If you're ever reading a book or watching a movie and get the distinct feeling you've come across the story before – or even better, can predict exactly what's going to happen next –there could be a good reason for that.

Computer scientists have sifted through the language of more than 1,700 works of fiction and discovered that English literature consists of just six kinds of emotional arcs that make up nearly all of the most well-known stories.

While literary theorists have for centuries characterised and counted the basic plots and structures that writers use in stories, it's unlikely there's ever been such a rigorous scientific analysis of English fiction like this before.

Researchers from the Computational Story Laboratory at the University of Vermont mined the complete text of some 1,737 fiction works available on Project Gutenberg, an online collection of more than 50,000 digital books in the public domain. By analysing the sentiment of language used in chunks of text 10,000 words long in each of these texts, the researchers were able to register the emotional ups and downs for the stories as a whole. Negative words like "poverty", "dead", and "punishment" dragged the sentiment down, while positive terms like "love", "peace", and "friend" brought it up.
佛蒙特大学“计算机故事实验室”的研究员们从古登堡计划(Project Gutenberg是一个线上书库,内含5万多本公版电子书)上找到了大约1737部全文小说,他们将这些文本分成文本块,每个文本块包含1万个单词,然后分析其中的语言情感,最终得出故事整体的情感起伏。“贫穷”、“死亡”、“惩罚”等消极词汇会使情感变得低落,而“爱情”、“和平”、“友谊”之类积极词汇会使情感变得高昂。

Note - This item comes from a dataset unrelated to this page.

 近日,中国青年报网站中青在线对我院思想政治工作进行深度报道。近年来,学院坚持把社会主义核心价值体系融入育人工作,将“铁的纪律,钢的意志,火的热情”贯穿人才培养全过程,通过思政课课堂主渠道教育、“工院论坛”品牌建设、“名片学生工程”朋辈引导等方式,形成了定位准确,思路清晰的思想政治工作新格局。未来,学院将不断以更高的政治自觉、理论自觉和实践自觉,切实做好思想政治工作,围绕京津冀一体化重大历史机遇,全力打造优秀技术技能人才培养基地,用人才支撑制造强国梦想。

Doing this for over 1,700 books and charting the dynamics of each text, the team discovered that all stories basically boil down to one of a set number of emotional patterns. "We find a set of six core trajectories which form the building blocks of complex narratives," the authors write in their study.

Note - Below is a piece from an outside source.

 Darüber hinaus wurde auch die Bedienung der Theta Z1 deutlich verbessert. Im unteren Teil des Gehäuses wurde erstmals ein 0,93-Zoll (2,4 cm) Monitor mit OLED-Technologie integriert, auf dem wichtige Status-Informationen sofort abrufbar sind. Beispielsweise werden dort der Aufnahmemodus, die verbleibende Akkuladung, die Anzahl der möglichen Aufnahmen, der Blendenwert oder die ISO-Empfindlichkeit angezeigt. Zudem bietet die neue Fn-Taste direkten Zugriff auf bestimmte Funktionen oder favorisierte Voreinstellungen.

According to the researchers, those six core emotional arcs are:

· "Rags to riches" (An ongoing emotional rise, eg. Alice's Adventures Under Ground)

· "Tragedy, or riches to rags" (An ongoing emotional fall, eg. Romeo and Juliet)

· "Man in a hole" (A fall followed by a rise)

· "Icarus" (A rise followed by a fall)

· "Cinderella" (Rise–fall–rise)

· "Oedipus" (Fall–rise–fall)

Interestingly, based on download statistics from Project Gutenberg, the researchers say the most popular stories are ones that use more complex emotional arcs, with the Cinderella and Oedipus arcs registering the most downloads. Also popular are works that combine these core arcs together in new ways within one story, such as two sequential "Man in a hole" arcs stuck together, or the "Cinderella" arc coupled with a tragic ending.